It's easy to say apply the same standards as a buzzword, which undoubtedly they're trying to do to the best of their ability, but it's not like they get a batch of decisions that are exactly the same, they're still unique incidents otherwise we'd just have robots analysing them in binary. As fans we throw decisions together into these clusters that look roughly the same and that's good enough for us to make an inconsequential point. It's not very scientific, it's just "X happened last week and now Y has happened", nothing to do with overall consistency across a season as an entire body of decisions refs make and how that may or may not be improving ref standards over time. But could removing the clear and obvious stuff help? Maybe, you could have a point.
With regards to consistency, standards and VAR, I think we'd find it a lot different if we actually had to sit down and make these decisions, even in the VAR chair where people make out it's simple. You have a set of regulations so we think they can be applied with perfect uniformity, but they have to interpret them over the top of a specific incident and the devil is in the detail. They all have different speeds, different contact, different contact with the ball, different ref interpretation of the intent. With handballs it can be very difficult to interpret too.
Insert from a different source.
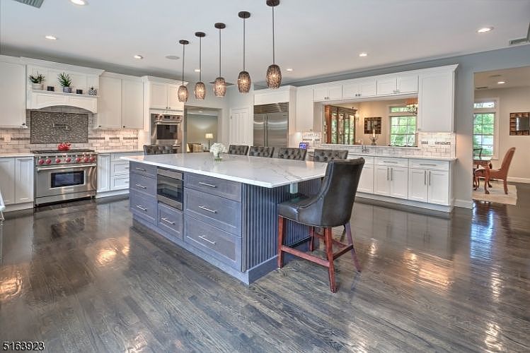 Completely Remodeled Ranch located at end of a cul-de-sac has it all! Absolutely ideal for year round entertaining, set on over one private acre with in-ground pool and private patios. Home features 5 bedrooms with all new baths throughout. The Custom Gourmet Kitchen was designed for fabulous entertaining. A Chef's Dream Kitchen- the 10' x 5' quartz countertop is the focal point of the entire space. The custom lighting, all stainless appliances, wet bar and 8' Anderson sliding French door access to blue stone patio is truly amazing!! The formal LR w gas fireplace is open to kitchen and patio. Steps away to the formal DR w new Anderson windows and chandelier. FR features additional storage and access to a cozy front patio. The primary suite w access to patio- gorgeous full bath, walk-in closet and private wing- ideal multi generation living quarters.The wing of 4 additional Bedrooms feature spectacular, contemporary design full baths- custom tile, vanities, flooring, fixtures and lighting. The 4 bedrooms all have mirrored double closets, lighted ceiling fans and hardwood flooring. Lower level- ideal for home office, exercise or rec room. Endless outdoor entertaining options are made possible by the large blue stone patios and private in-ground pool, great lawn area and half basketball court. Enjoy total privacy and easy one floor living in this gracious home and prestigious location. Whole House Generator! Driveway repaved 2019- Close proximity to downtown. Highly Ranked Schools! A MUST SEE

Look at pundits and how they make a living hauling these guys through the streets so fans can throw tomatoes at them. Even they can't fecking agree on a decision and they are the "experts" that keep reminding us refs didn't play the game. They're the ones in their own VAR studio with no skin in the game, no jeopardy and they don't find full agreement. Do we really fecking think they'd reach the standards of consistency and the near elimination of human error that they expect? What does that tell us about the job if not that it contains subjectivity and human error, even from the studio nevermind the poor cnut with a whistle.
It's just a bloody tough job IMO. Especially on the pitch but also in the studio where the scrutiny is huge. The fitness required, barrages of abuse for simply doing a job, the scrutiny on every single aspect of your work, very few jobs entail that, probably even the footballers. I know it's reasonably paid but bloody hell, it ain't easy.